Billionaire Jeffrey Gundlach, CEO and CIO of DoubleLine Capital, advised investors to go long on emerging markets and short on U.S. stocks at the 2017 Sohn Investment Conference held last week in New York.
According to him, the valuation of emerging markets is half that of the S&P 500 Index (he’s mainly focusing on the price-to-sales and price-to-book value ratios of the S&P 500, which indicates a higher valuation compared to emerging markets). He also said that his investment decision is based on the funds flow to the active and passive management strategy, explained Market Realist. Gundlach has been a fan of India for the long term and at the Barron’s Roundtable earlier this year he reiterated his stance.

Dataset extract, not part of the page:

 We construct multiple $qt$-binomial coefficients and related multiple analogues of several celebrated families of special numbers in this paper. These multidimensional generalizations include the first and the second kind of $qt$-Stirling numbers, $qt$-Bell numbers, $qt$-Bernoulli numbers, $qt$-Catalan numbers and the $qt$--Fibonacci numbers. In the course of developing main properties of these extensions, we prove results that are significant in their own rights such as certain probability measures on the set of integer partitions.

Christopher Wood, CLSA’s chief equity strategist, believes that India remains the most preferred equity story in the emerging market universe on a 10-year view with the government’s renewed focus to address asset quality problems in the banking sector strengthening this stance. Though he cautioned that a sharp correction should not take anyone by surprise given the strong recent run the market has experienced.
The Financial Times quoted data from the Institute of International Finance, or IIF, which stated that cross-border flows to EM bonds and equities topped $20 billion for the third consecutive month in April 2017, making this their biggest three-month positive streak since 2014.

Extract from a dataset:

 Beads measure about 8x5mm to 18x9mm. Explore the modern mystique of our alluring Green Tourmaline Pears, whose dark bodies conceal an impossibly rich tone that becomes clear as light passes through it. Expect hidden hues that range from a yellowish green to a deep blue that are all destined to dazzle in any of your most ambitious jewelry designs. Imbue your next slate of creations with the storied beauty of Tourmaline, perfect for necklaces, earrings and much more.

IIF offers three answers to what’s driving the flows:
- A cyclical upturn in the global economy
- Central bank liquidity
- Persistent savings glut
Variant Perception suggests caution in a post titled Stretched sentiment leaves EM vulnerable.

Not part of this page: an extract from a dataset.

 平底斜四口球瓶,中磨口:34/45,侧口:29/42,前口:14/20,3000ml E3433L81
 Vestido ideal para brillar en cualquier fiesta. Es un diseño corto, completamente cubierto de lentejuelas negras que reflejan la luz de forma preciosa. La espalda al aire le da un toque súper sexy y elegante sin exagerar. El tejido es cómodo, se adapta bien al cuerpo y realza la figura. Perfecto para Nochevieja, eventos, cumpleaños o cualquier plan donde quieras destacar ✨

Liquidity conditions have deteriorated meaningfully for EM equities.
The left chart below shows that the steep drop in G7 Excess Liquidity points to a risk of much lower EM equity prices in about 3-4 months’ time. This materially worse backdrop for EM equities is happening just when investors are piling into EM assets.
The right chart below shows that EM bonds and equities are seeing the largest ETF inflows over the last three months. Although, we are selectively positive on some specific EM markets, overall we believe investors should rotate away from broad EM equities exposure.